Task details:
Every entry below should be copied exactly, minus the pictures.
── Data ──
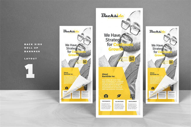图穷联素材库 » 黄色主题企业商业易拉宝横幅展架设计模板 Roll-up-Banner
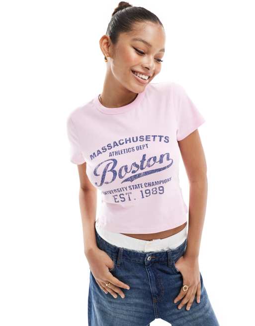 ASOS DESIGN - Baby-T-shirt met grafische varsity print in roze
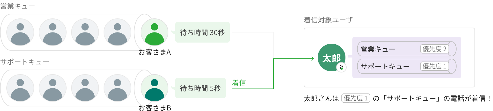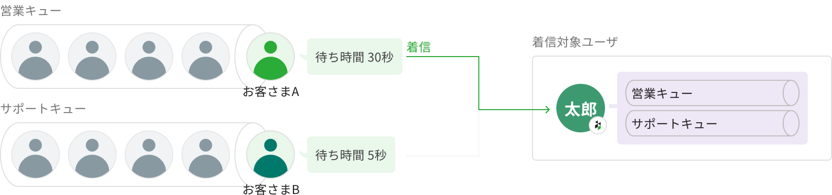 ・複数の窓口にお客様から入電した際、ユーザに割り当てられているキューのうち、お客様の待ち時間が長い電話が着信します。
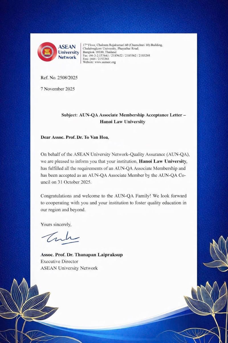 Trong thư gửi đến Trường ngày 07/11/2025, GS.TS. Thanapan Laipraksup – Giám đốc Điều hành AUN nhấn mạnh: “Chúng tôi vui mừng thông báo rằng Trường Đại học Luật Hà Nội đã đáp ứng toàn bộ điều kiện và chính thức trở thành thành viên liên kết của AUN-QA. Xin chúc mừng và chào mừng Trường gia nhập gia đình AUN-QA! Chúng tôi mong muốn hợp tác chặt chẽ với Trường nhằm thúc đẩy chất lượng giáo dục trong khu vực và xa hơn nữa.”
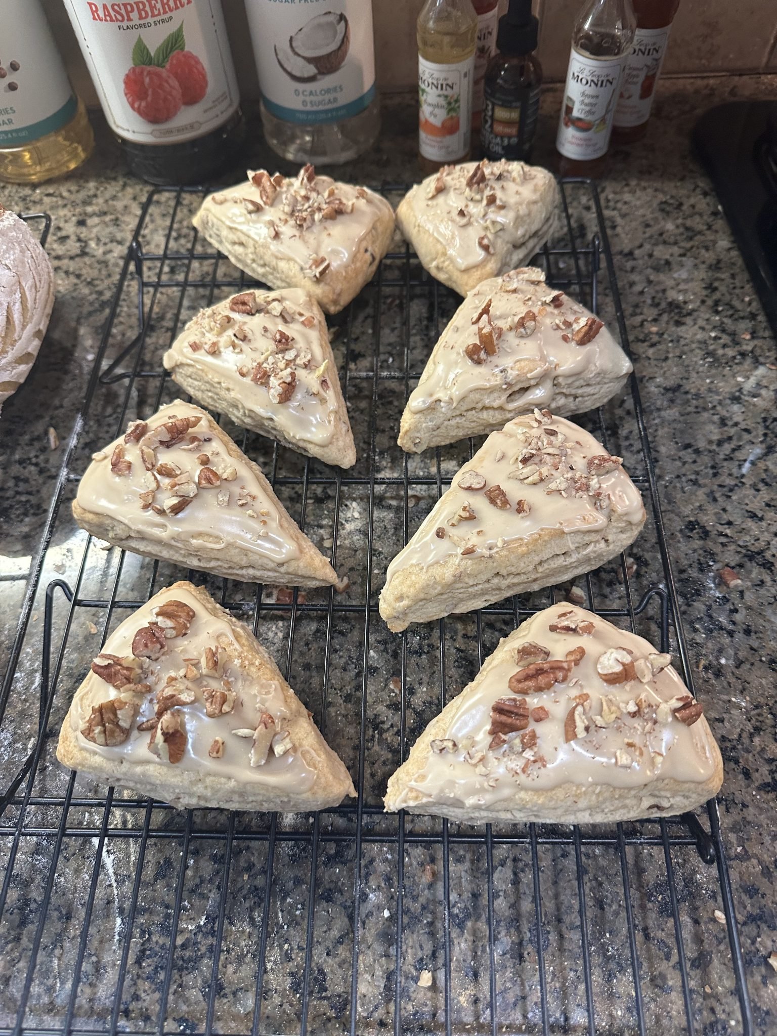 Spread glaze on top of cooled scones. Garnish with pecan pieces. Enjoy!
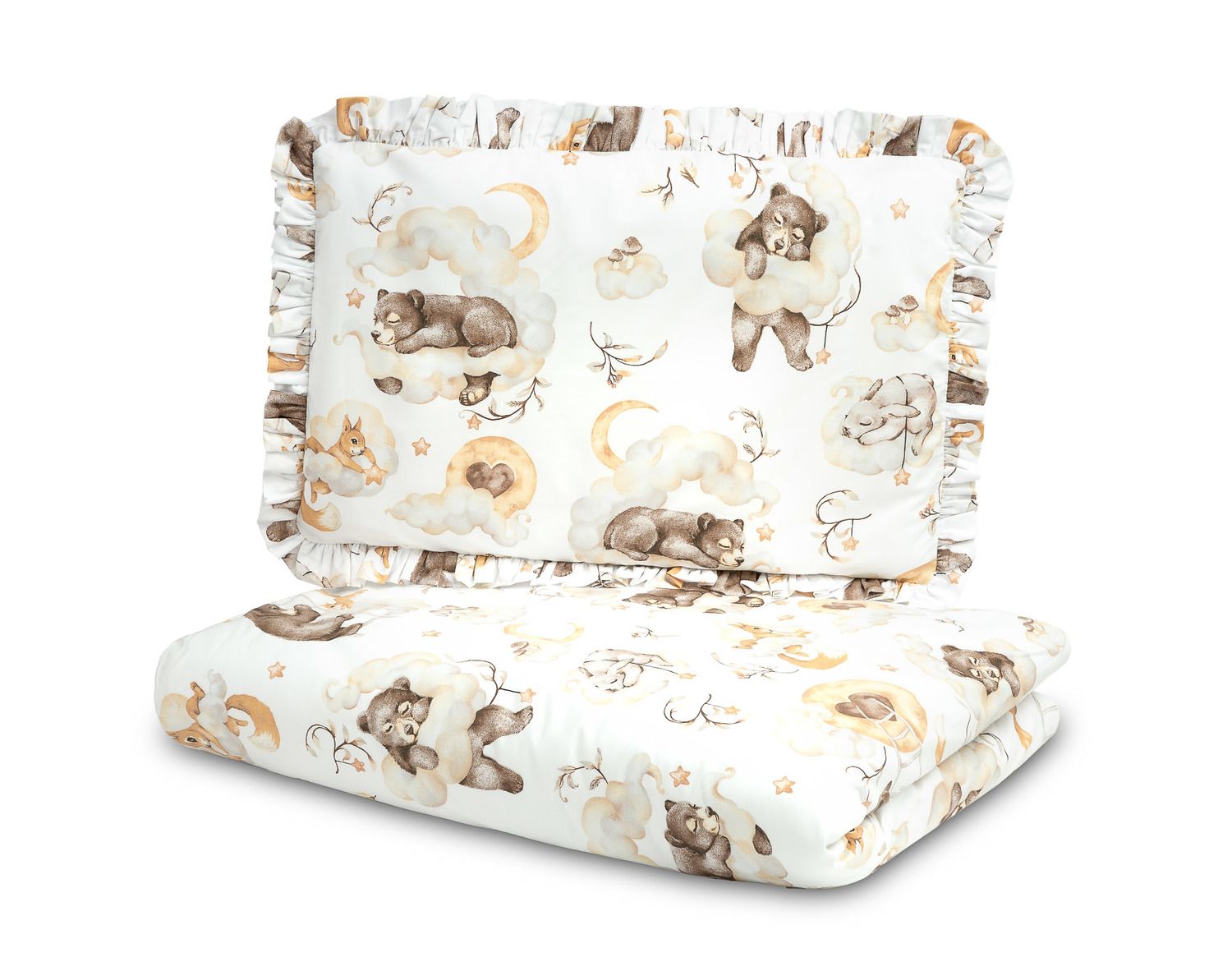 Kaip miela žiūrėti į miegantį kūdikį. Ir kaip svarbu žinoti, jog mažylio miego niekas nesutrukdys. Tam yra būtina kokybiška patalynė. Patalynės komplektas pasiūtas iš 100% aukščiausios kokybės medvilnės, sukurančios švelnumo pojutį. Patalynė gerai skalbiasi ir ilgai nepraranda savo originalių spalvų.
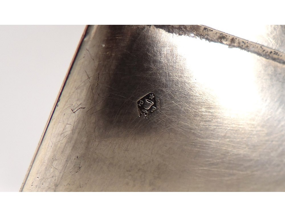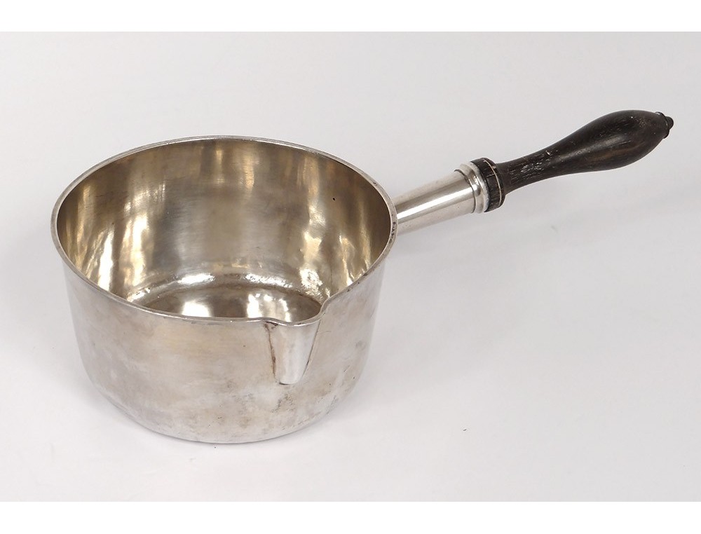 Saucepan in solid silver, blackened wooden handle, punch boar head and PF goldsmith's mark, XIXth century.
───
Written response:
图穷联素材库 » 黄色主题企业商业易拉宝横幅展架设计模板 Roll-up-Banner
 ASOS DESIGN - Baby-T-shirt met grafische varsity print in roze
 ・複数の窓口にお客様から入電した際、ユーザに割り当てられているキューのうち、お客様の待ち時間が長い電話が着信します。
 Trong thư gửi đến Trường ngày 07/11/2025, GS.TS. Thanapan Laipraksup – Giám đốc Điều hành AUN nhấn mạnh: “Chúng tôi vui mừng thông báo rằng Trường Đại học Luật Hà Nội đã đáp ứng toàn bộ điều kiện và chính thức trở thành thành viên liên kết của AUN-QA. Xin chúc mừng và chào mừng Trường gia nhập gia đình AUN-QA! Chúng tôi mong muốn hợp tác chặt chẽ với Trường nhằm thúc đẩy chất lượng giáo dục trong khu vực và xa hơn nữa.”
 Spread glaze on top of cooled scones. Garnish with pecan pieces. Enjoy!
 Kaip miela žiūrėti į miegantį kūdikį. Ir kaip svarbu žinoti, jog mažylio miego niekas nesutrukdys. Tam yra būtina kokybiška patalynė. Patalynės komplektas pasiūtas iš 100% aukščiausios kokybės medvilnės, sukurančios švelnumo pojutį. Patalynė gerai skalbiasi ir ilgai nepraranda savo originalių spalvų.
 Saucepan in solid silver, blackened wooden handle, punch boar head and PF goldsmith's mark, XIXth century.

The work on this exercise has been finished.